*** COLLECTED DATA Section Begins ***

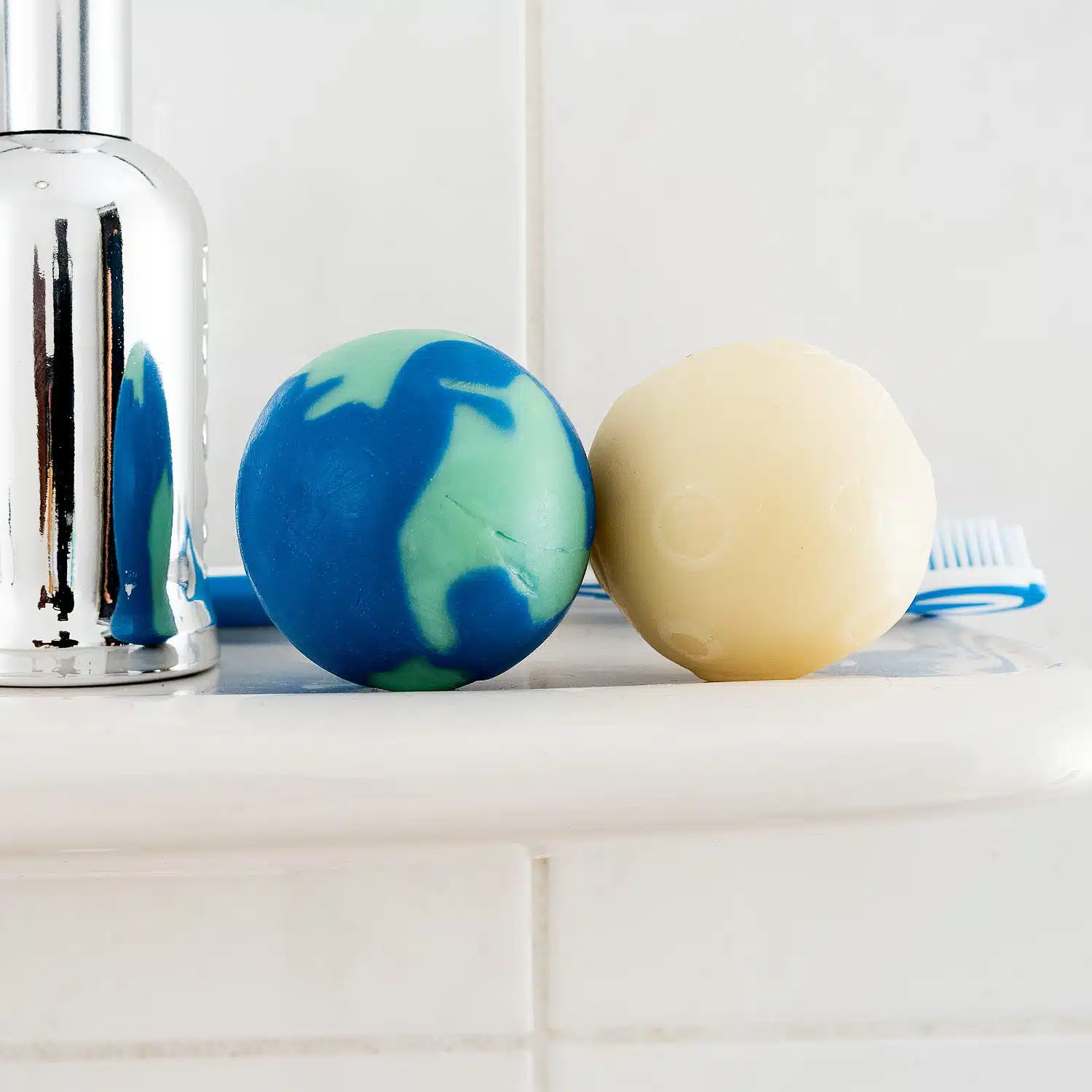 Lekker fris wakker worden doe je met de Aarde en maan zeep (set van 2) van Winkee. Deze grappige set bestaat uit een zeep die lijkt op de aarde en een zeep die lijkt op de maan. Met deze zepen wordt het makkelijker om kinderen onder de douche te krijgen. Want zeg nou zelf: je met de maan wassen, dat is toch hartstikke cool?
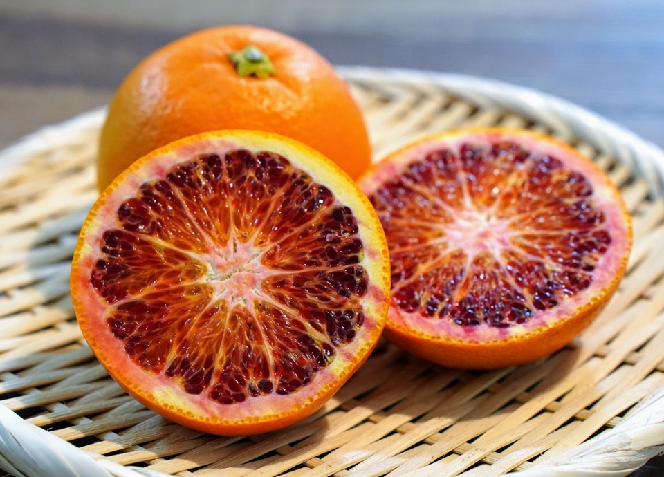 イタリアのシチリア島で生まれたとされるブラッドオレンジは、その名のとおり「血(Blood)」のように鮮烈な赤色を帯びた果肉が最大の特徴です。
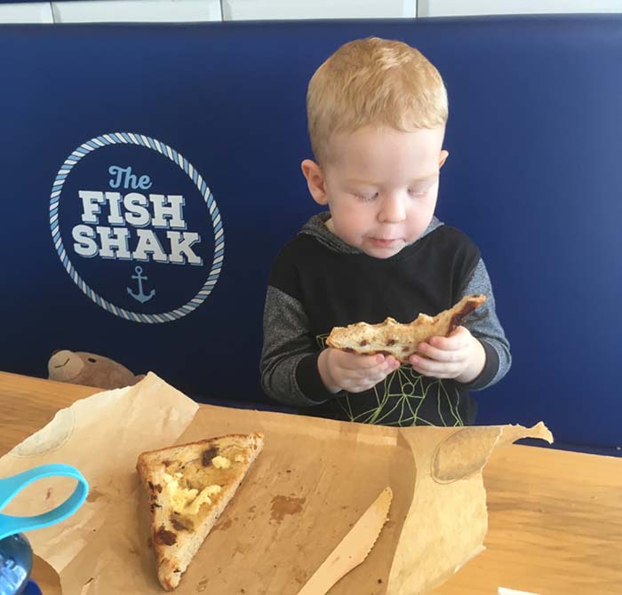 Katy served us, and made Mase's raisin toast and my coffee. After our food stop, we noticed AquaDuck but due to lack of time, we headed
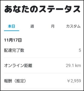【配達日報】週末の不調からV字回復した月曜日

*** COLLECTED DATA Section Ends ***

ASSIGNMENT:
Leave the images aside and retype each line of the listing above exactly.

REPLY:
 Lekker fris wakker worden doe je met de Aarde en maan zeep (set van 2) van Winkee. Deze grappige set bestaat uit een zeep die lijkt op de aarde en een zeep die lijkt op de maan. Met deze zepen wordt het makkelijker om kinderen onder de douche te krijgen. Want zeg nou zelf: je met de maan wassen, dat is toch hartstikke cool?
 イタリアのシチリア島で生まれたとされるブラッドオレンジは、その名のとおり「血(Blood)」のように鮮烈な赤色を帯びた果肉が最大の特徴です。
 Katy served us, and made Mase's raisin toast and my coffee. After our food stop, we noticed AquaDuck but due to lack of time, we headed
【配達日報】週末の不調からV字回復した月曜日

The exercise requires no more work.